§ **Task prompt**
Exclude all pictures, then write out exactly the lines below from the first one through the line with "Shiba Inu (SHIB), once".

§ **Extracted information**
--- START ---
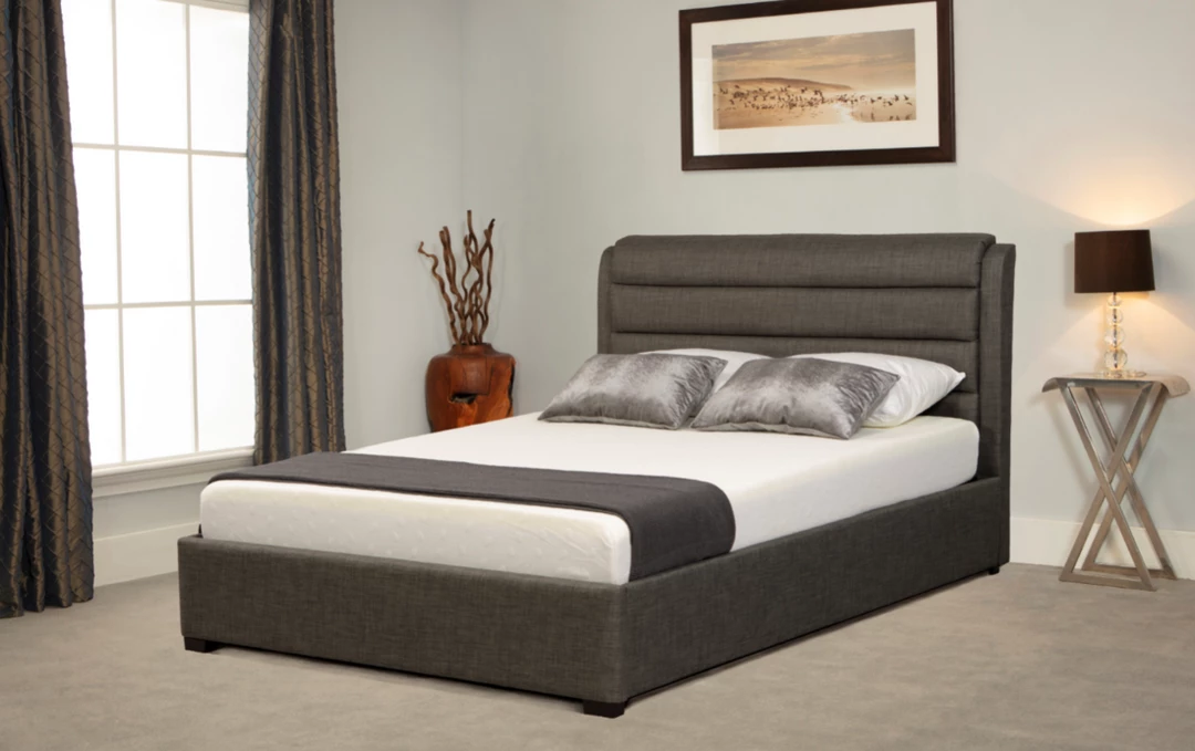 The Lincolnshire Ottoman Bed would make a statement in the bedroom with the unique headboard. With a large amount of padding lay back on this surface while your relaxing enjoying your latest Netflix series. The grey upholstery fabric would bring a modern feature to the bedroom working well with other contemporary furniture.Â
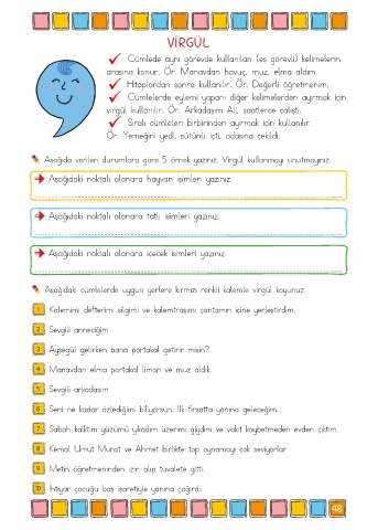 Aşağıdaki cümlelerde uygun yerlere kırmızı renkli kalemle virgül koyunuz.
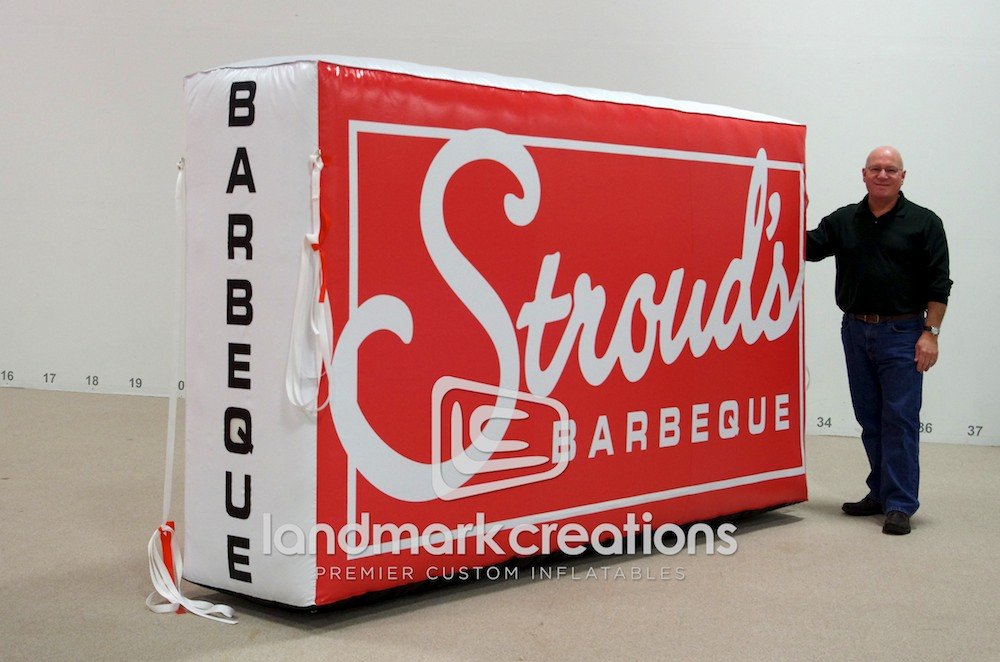Looking to stand out in a sea of food trucks? Stroud's Barbeque displays its inflatable logo and they have an instant location finder and business advertising in one!
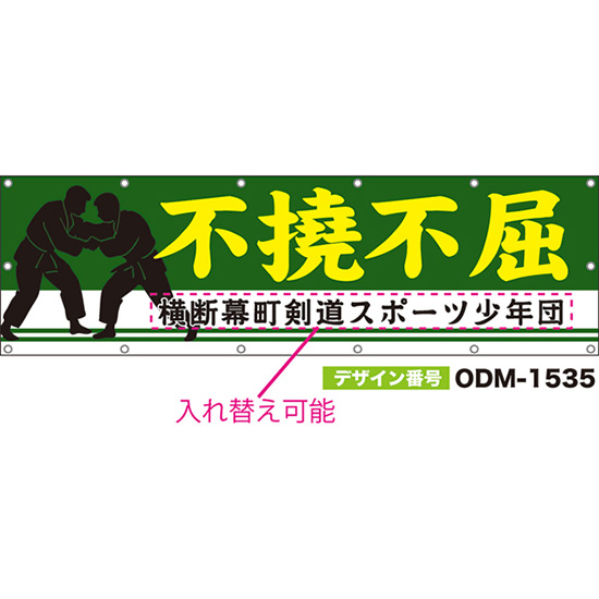 【別注】名入れ応援幕(四角型) 不撓不屈 (緑) ODM-1536【受注生産】
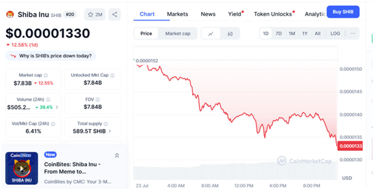 Shiba Inu (SHIB), once hailed as the next Dogecoin, is showing signs of exhaustion. Despite maintaining a $7.83 billion market cap, SHIB has recently dropped 12.58% in a single day and is now priced at $0.00001330. Although trading volume is up by 39%, it suggests heightened volatility rather than renewed optimism.
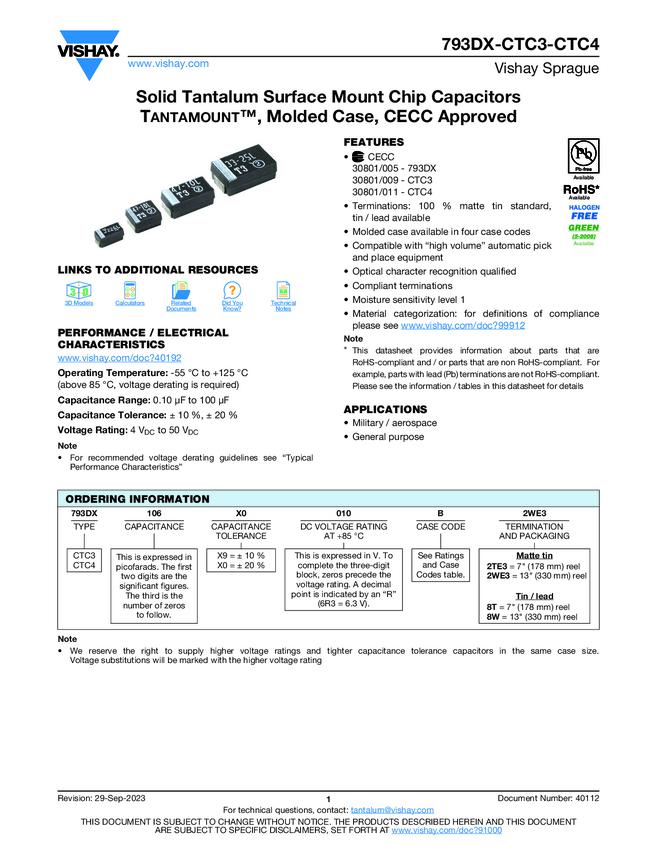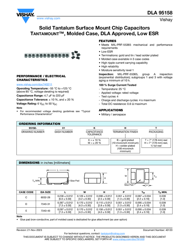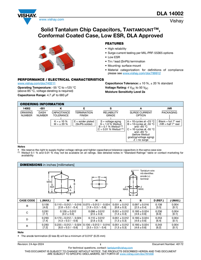 Solid Tantalum Chip Capacitors, TANTAMOUNT™, Conformal Coated Case, Low ESR, DLA Approved
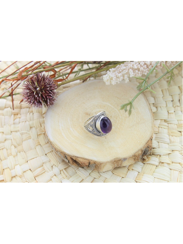 Bague Alaka en argent ornée d'une pierre naturelle d'améthyste bombée. Pierre de la sagesse, l'améthyste dissipe les peurs et apporte la sérénité. Elle ouvre l’imaginaire et développe la créativité et l'intuition. Elle est aussi utilisée pour purifier les lieux et les objets.
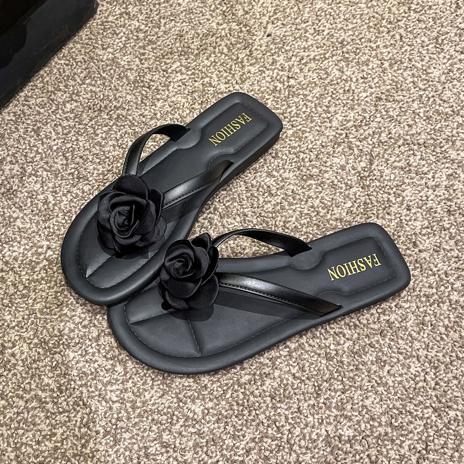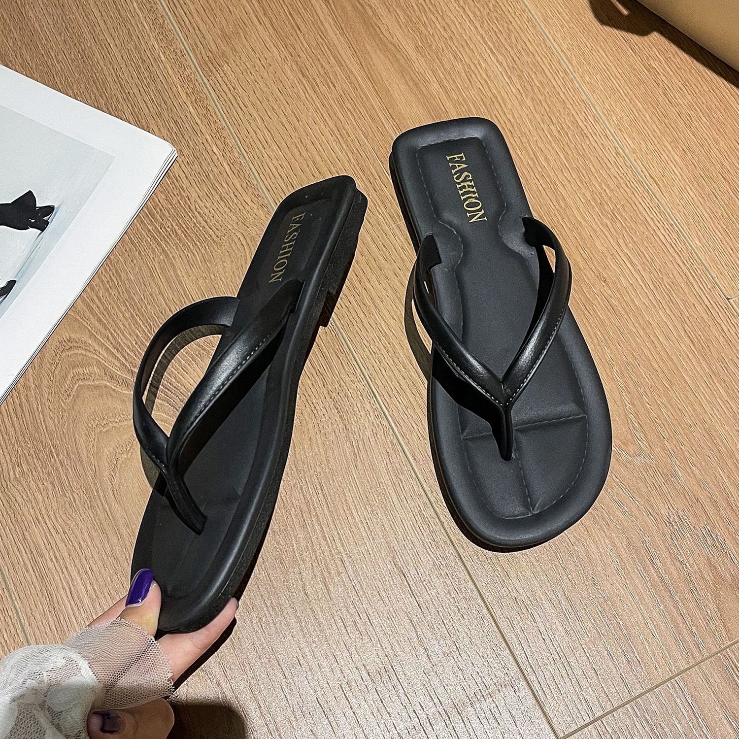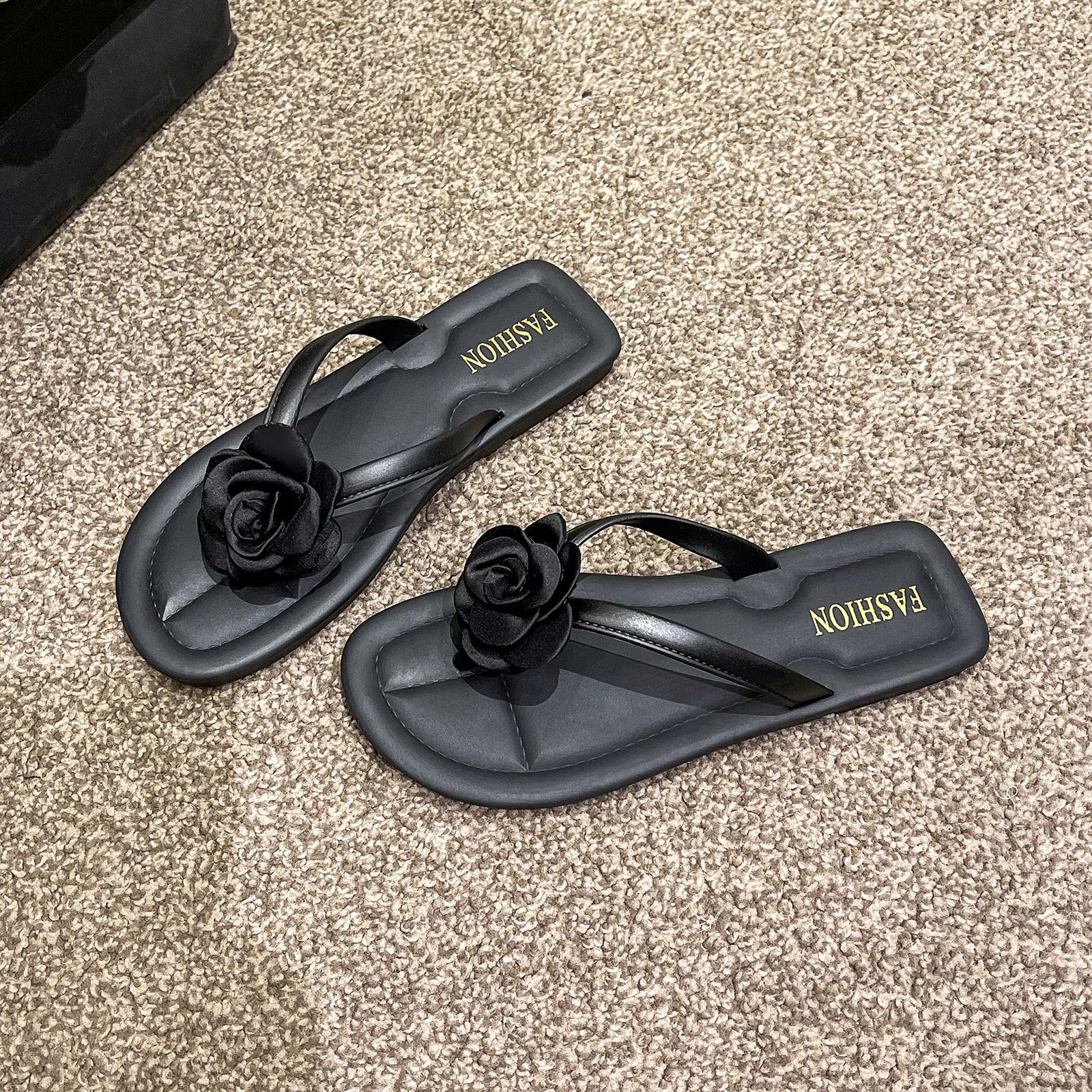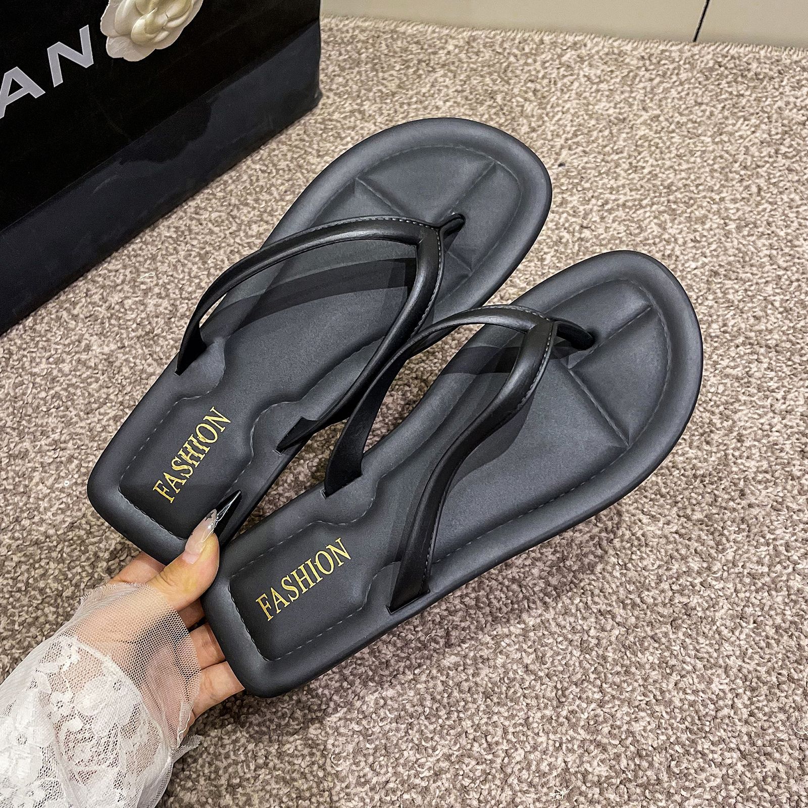 여성용 슬리퍼, 심플한 블랙 슬리퍼, 미끄럼 방지, 목욕, 해변, 트렌디한 여름 패션 샌들스토어 가기
--- END ---
§ **Reply to the exercise**
 The Lincolnshire Ottoman Bed would make a statement in the bedroom with the unique headboard. With a large amount of padding lay back on this surface while your relaxing enjoying your latest Netflix series. The grey upholstery fabric would bring a modern feature to the bedroom working well with other contemporary furniture.Â
 Aşağıdaki cümlelerde uygun yerlere kırmızı renkli kalemle virgül koyunuz.
Looking to stand out in a sea of food trucks? Stroud's Barbeque displays its inflatable logo and they have an instant location finder and business advertising in one!
 【別注】名入れ応援幕(四角型) 不撓不屈 (緑) ODM-1536【受注生産】
 Shiba Inu (SHIB), once hailed as the next Dogecoin, is showing signs of exhaustion. Despite maintaining a $7.83 billion market cap, SHIB has recently dropped 12.58% in a single day and is now priced at $0.00001330. Although trading volume is up by 39%, it suggests heightened volatility rather than renewed optimism.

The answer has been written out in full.